The original Mindlin-type plate and shell elements perform reasonably well for moderately thick shell situations. However, for thin shells when full integration is used to evaluate the stiffness matrix, overstiff solutions are often produced due to shear and membrane locking. To alleviate these deficiencies, several methods have been proposed by many investigators in the past such as the selective and reduced integration schemes, heterosis elements, stabilization methods, and discrete Kirchhoff elements, etc. These approaches, however, provide a number of distinct limitations. The selective or reduced integration scheme is not always successful in overcoming the locking problem and thus the resulting solutions may be overstiff for problems with highly constrained boundaries when coarse meshes are used in particular. Furthermore, for the problems with lightly constrained boundaries, these schemes may engender the rank deficiency. Heterosis elements exhibit the overstiffening effect for the problem with irregular mesh. The stabilization methods involve certain parameters which still lack appropriate physical interpretations. Discrete Kirchhoff elements do not include the transverse shear deformation effect by incorporating the Kirchhoff hypothesis and therefore still circumvent the membrane locking. There is still no general consensus in favor of a particular approach due to its aforementioned inherent limitations.

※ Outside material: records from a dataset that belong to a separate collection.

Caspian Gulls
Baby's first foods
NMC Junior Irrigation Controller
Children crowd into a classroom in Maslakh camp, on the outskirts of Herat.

Lately, Dvorkin and Bathe, Park and Stanley, Huang and Hinton, Jang and Pinsky have developed various elements based on the assumed strain methods. The first two elements seem to be among the best available 4 node shell elements. The four node element proposed by Park and Stanley uses the assumed strains for all the strain components, i.e. membrane, bending and transverse shear strains. But because the assumed bending strain cannot satisfy the rigid body motion condition, this element locks the solution for a pinched hemispherical shell problem unless the reduced one-point integration is invoked. And this element has a restriction on transverse shear deformations and the application to the laminated composite shell because of the thickness pre-integration. Another four node element developed by Dvorkin and Bathe uses assumed strains only for the transverse shear components, but not for the membrane components because the membrane strain cannot be decoupled from the in-plane strain in their element. Therefore, this element is still overstiff for the membrane behavior.

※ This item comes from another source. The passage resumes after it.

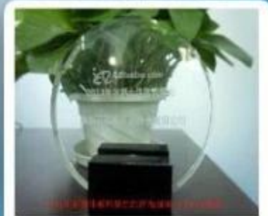
Outstanding and Honorable E-Businessman Award by Alibaba in 2011

Shenzhen Chuangxinjia smart card co.,Ltd offers RFID wristbands in a variety of materials, such as silicone, woven (cloth), and plastic, paper etc. We can customize them to include your logo and we have a various range of color offerings. We have RFID wristbands for point of sale, keyless hotel rooms, access control & security, counterfeit prevention, customer loyalty programs, and waterproof environments. Our goal is to help design a securely-sealed wristband that can reliably store and transfer data.

In this paper, a simple and efficient four node degenerated shell element which overcomes aforementioned drawbacks is proposed. This element uses the assumed strain concept in terms of covariant strains referred to the element natural coordinate system. In formulation of the element, the assumed shear strains are used to avoid the shear locking. The covariant membrane strains are separated from the covariant in-plane strains which consist of the combination of the membrane and bending strains by mid-surface interpolation. With these separated strains, it is now possible to use the assumed membrane strains to alleviate the membrane locking by eliminating the violation in the rigid body motion condition caused by applying assumed bending strains.

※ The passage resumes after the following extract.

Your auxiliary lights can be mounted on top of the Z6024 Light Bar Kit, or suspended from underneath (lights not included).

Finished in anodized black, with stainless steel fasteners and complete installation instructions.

Since this element is used under the three dimensional stress-strain condition, this element is applicable to both thin and thick shells and can be easily implemented into the existing finite element analysis program by minimum modification. Numerical examples are presented to evaluate the performance of the new element developed. The proposed element has no hourglass modes and the numerical results indicate that this element has a rapid convergence, provides a reasonable accuracy for the stresses, and also improves the membrane bending behavior of the shell.
Subsequently the new element is also extended to the geometrically or materially nonlinear analysis of shell structures undergoing large deformation in conjunction with the total Lagrangian scheme. The nonlinear equilibrium equations are solved by using the Newton-Raphson method combined with the arc-length control. Numerical tests show that this new degenerated shell element provides robustness and accuracy for nonlinear problems.